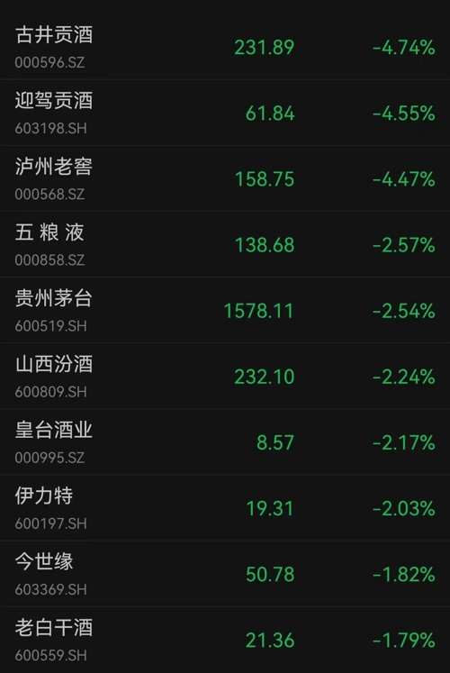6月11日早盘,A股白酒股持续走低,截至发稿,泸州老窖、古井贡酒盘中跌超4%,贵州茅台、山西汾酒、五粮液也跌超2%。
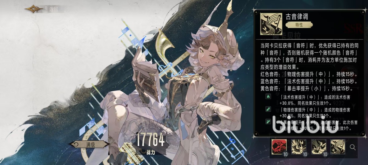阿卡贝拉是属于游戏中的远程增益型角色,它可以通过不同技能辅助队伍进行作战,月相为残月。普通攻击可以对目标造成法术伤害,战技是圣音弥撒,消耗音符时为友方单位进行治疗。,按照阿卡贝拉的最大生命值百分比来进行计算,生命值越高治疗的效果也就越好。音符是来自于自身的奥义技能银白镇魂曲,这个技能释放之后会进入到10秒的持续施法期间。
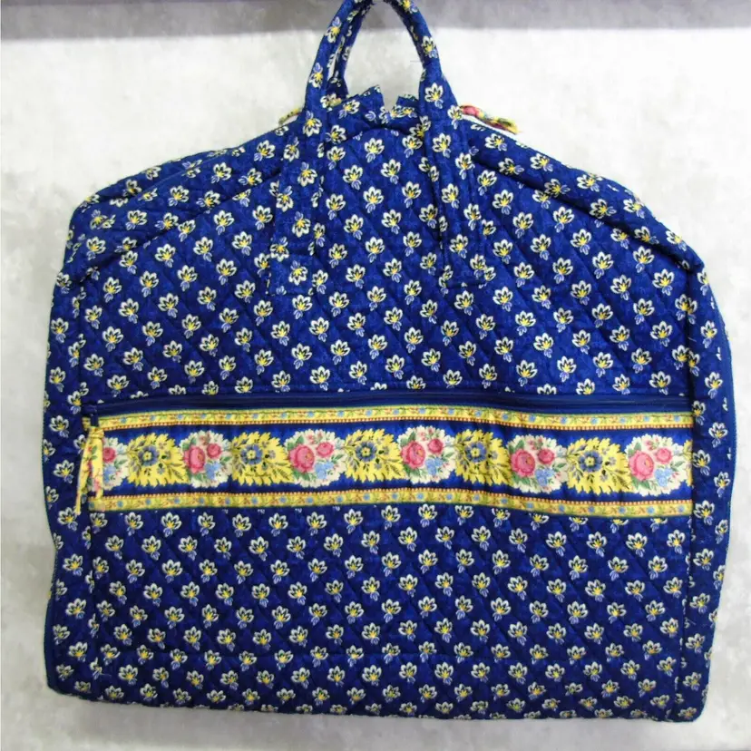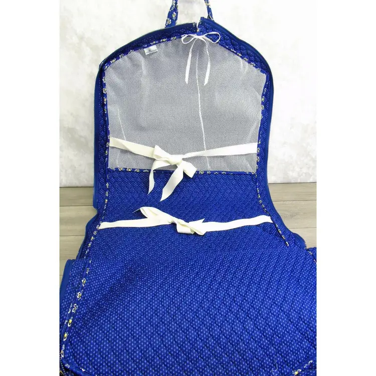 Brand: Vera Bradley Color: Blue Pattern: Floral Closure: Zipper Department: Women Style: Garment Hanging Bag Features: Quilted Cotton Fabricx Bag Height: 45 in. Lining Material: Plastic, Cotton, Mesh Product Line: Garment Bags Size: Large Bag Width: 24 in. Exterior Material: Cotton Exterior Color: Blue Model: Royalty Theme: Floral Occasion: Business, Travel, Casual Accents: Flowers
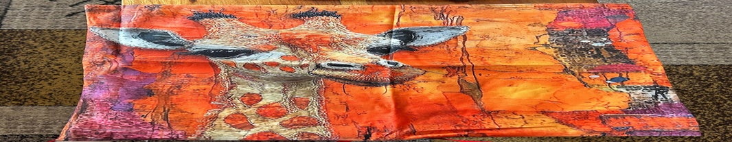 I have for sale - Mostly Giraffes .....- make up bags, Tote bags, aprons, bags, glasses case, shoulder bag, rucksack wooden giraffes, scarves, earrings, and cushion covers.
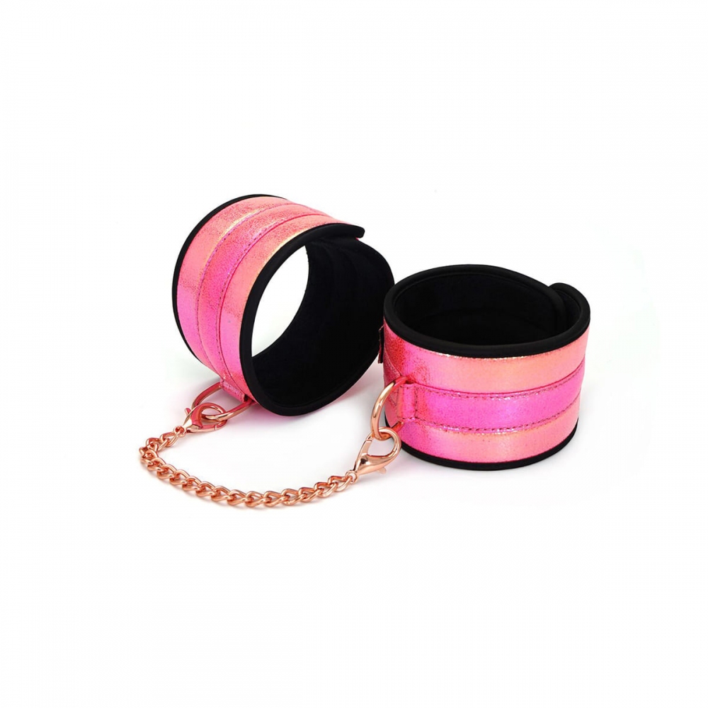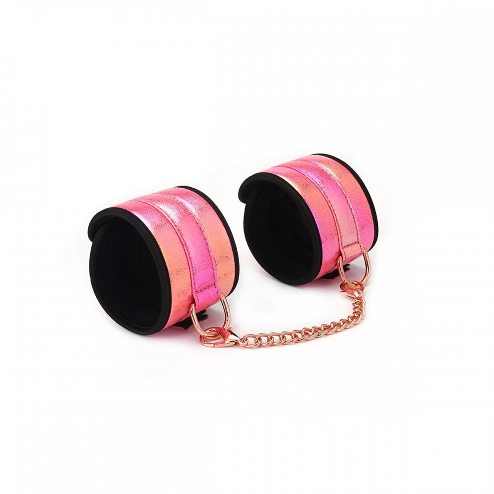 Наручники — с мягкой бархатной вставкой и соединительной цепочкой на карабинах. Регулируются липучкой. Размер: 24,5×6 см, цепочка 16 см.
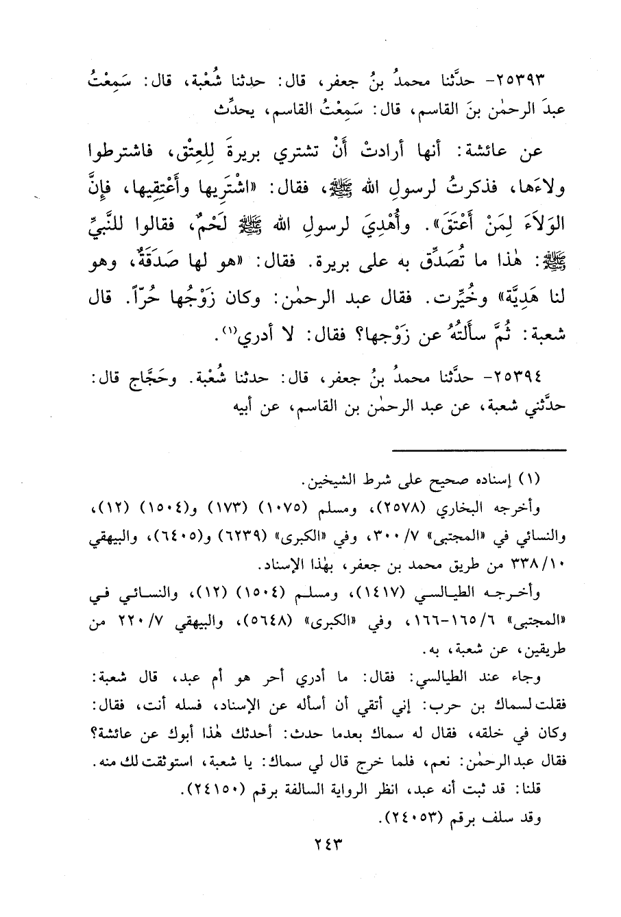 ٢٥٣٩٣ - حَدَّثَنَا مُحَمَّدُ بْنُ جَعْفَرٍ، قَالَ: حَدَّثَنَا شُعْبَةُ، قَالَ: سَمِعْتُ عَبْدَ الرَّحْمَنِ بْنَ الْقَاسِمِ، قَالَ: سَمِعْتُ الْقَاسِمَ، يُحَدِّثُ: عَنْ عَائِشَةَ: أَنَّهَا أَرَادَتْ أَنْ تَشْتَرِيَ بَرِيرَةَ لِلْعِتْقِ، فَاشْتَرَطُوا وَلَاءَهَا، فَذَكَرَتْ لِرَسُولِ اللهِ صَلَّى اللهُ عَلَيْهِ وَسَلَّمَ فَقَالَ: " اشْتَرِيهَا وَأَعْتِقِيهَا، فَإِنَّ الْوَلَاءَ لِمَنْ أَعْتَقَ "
------------------------------------------------
Copy out the listing above from the line containing "I have for sale" to the line containing "Наручники — с", both included, exactly as written and minus the images.

 I have for sale - Mostly Giraffes .....- make up bags, Tote bags, aprons, bags, glasses case, shoulder bag, rucksack wooden giraffes, scarves, earrings, and cushion covers.
 Наручники — с мягкой бархатной вставкой и соединительной цепочкой на карабинах. Регулируются липучкой. Размер: 24,5×6 см, цепочка 16 см.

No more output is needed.